As far as compliance goes, the handgun in question is a Sig Sauer P229 so I don't anticipate any issues there. At least I hope not...


----------



## Paul Revere (Aug 23, 2009)

pubprof said:


> As far as compliance goes, the handgun in question is a Sig Sauer P229 so I don't anticipate any issues there. At least I hope not...


 110% compliant.


----------



## 7costanza (Aug 29, 2006)

Atleast you have good taste in firearms


----------



## 263FPD (Oct 29, 2004)

7costanza said:


> Atleast you have good taste in firearms


Here, here is my dream gun.


----------



## 7costanza (Aug 29, 2006)

My father asked me my opinion on what handgun he should buy next so I told him to buy a Sig, hes been an avid hunter,shooting enthusiast and a gun owner for over 40 yrs. He called me a few weeks ago and said he bought the Elite 226 and its the best handgun hes ever had.


----------



## 263FPD (Oct 29, 2004)

My duty gun is a P220. It's old and not so pretty anymore but it devours .45 ACP's without so much as a belch and puts the rounds out in to very tight groups. I will miss it when they make me trade it out for a New P226.


----------



## LGriffin (Apr 2, 2009)

263FPD said:


> My duty gun is a P220. It's old and not so pretty anymore but it devours .45 ACP's without so much as a belch and puts the rounds out in to very tight groups.
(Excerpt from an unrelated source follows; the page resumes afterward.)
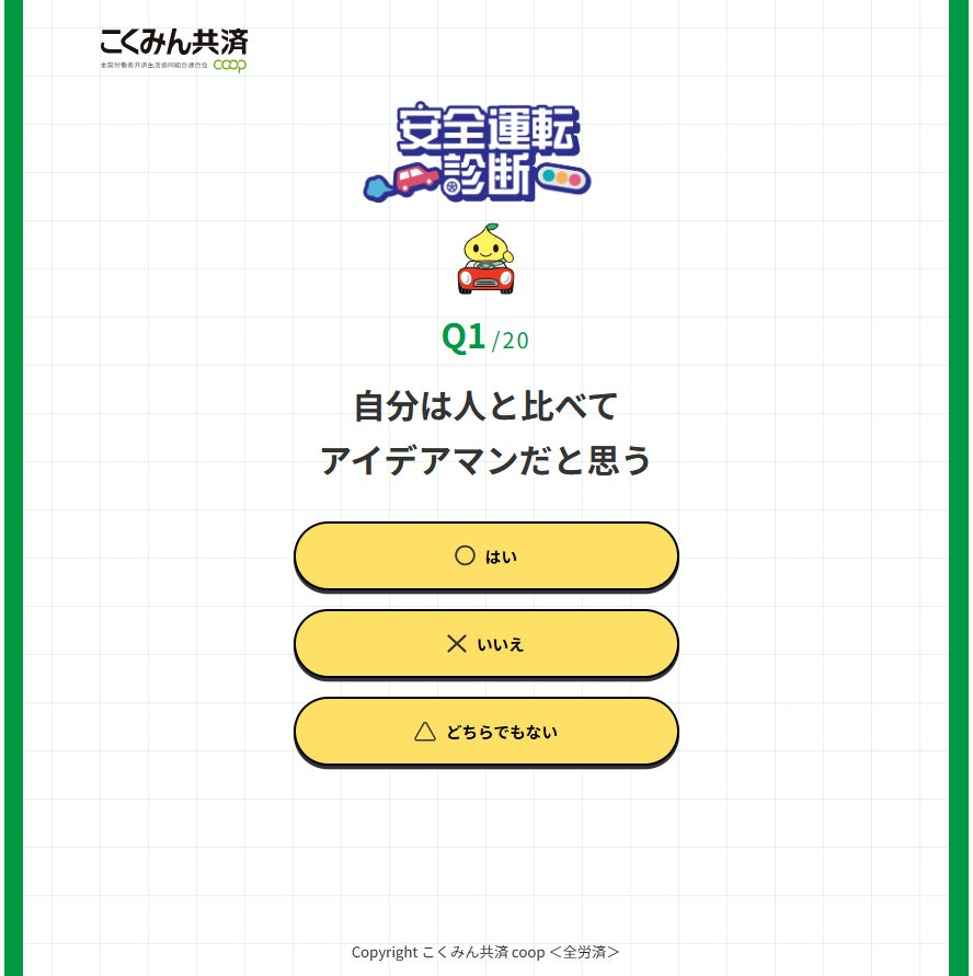 こくみん共済 coop〈全労済〉(全国労働者共済生活協同組合連合会 代表理事 理事長:打越 秋一)は、運転者の性格上の特性から運転のタイプを診断し、事故抑制に繋げるヒントを提供する無料コンテンツ『安全運転診断』を、9月19日(金)から提供開始します。
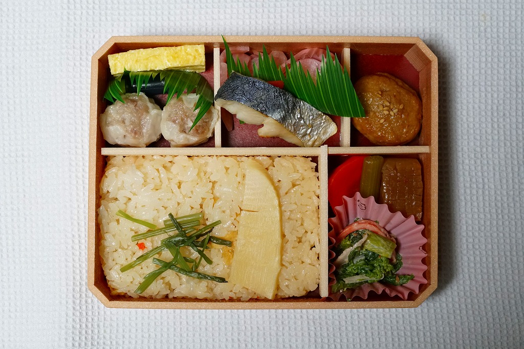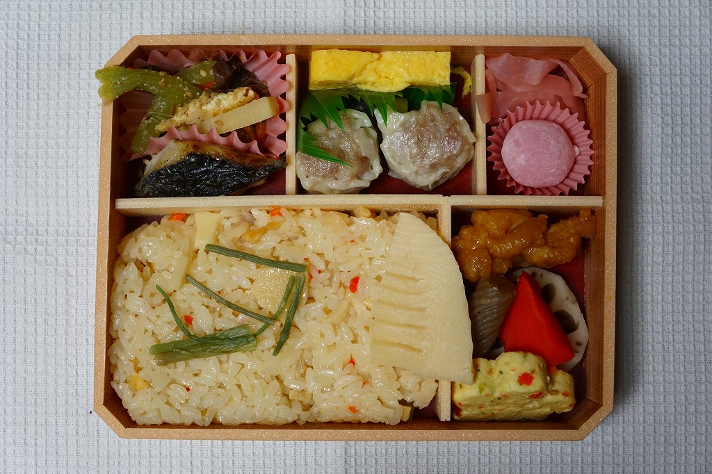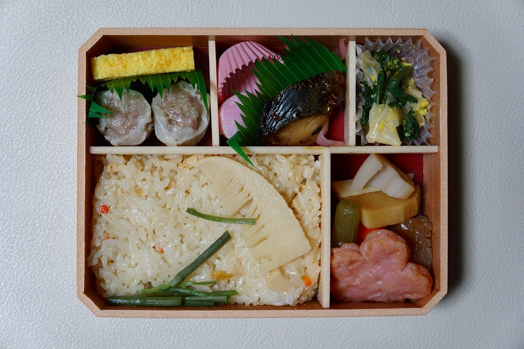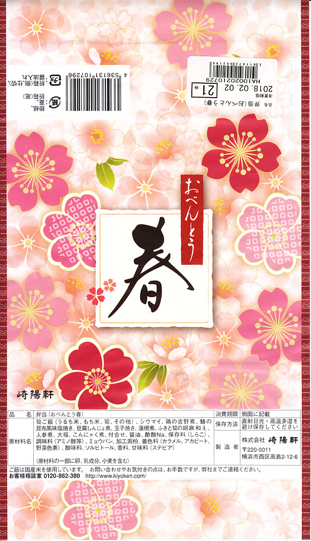 1998(平成10)年に発売された、小柄で安価な横浜駅の春駅弁。これは2017(平成29)年版で、2月1日から4月15日頃までの販売。今回の内容はタケノコ御飯、サワラ幽庵焼、ニンジンやレンコンやタケノコなどの煮物、菜の花とタケノコと玉子そぼろの和え物、玉子焼、桜大根、桜ミニ大福、シウマイ2個。掛紙の文字が固めになり、シウマイの位置が変わり、価格が20円上がったが、やはり雰囲気はほぼ変わらない。

I will miss it when they make me trade it out for a New P226.


Yes, you will. We actually upgraded from 226 to 220 and it was a very good change.


----------



## 263FPD (Oct 29, 2004)

LGriffin said:


> Yes, you will. We actually upgraded from 226 to 220 and it was a very good change.
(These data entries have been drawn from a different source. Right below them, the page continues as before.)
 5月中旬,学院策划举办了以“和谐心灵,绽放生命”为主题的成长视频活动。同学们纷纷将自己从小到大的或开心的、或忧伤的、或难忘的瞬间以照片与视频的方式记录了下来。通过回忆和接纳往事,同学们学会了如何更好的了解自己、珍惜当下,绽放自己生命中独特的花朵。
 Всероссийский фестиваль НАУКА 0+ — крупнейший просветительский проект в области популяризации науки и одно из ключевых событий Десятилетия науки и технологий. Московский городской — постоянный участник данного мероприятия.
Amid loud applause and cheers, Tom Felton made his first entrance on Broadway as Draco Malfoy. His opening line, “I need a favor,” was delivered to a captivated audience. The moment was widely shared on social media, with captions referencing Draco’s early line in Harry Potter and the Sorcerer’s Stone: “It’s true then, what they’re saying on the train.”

We only have a handful of guys that have the 220. Sadly, they don't want to buy any new ones and they want to faze out the old ones due to "age"


----------



## TRPDiesel (Nov 28, 2008)

I have a half a dozen sigs that I have bought over the years before they came with the DAK line. After aquiring a couple DAKS I think that it might time to upgrade the line as I am pretty impressed with them.


----------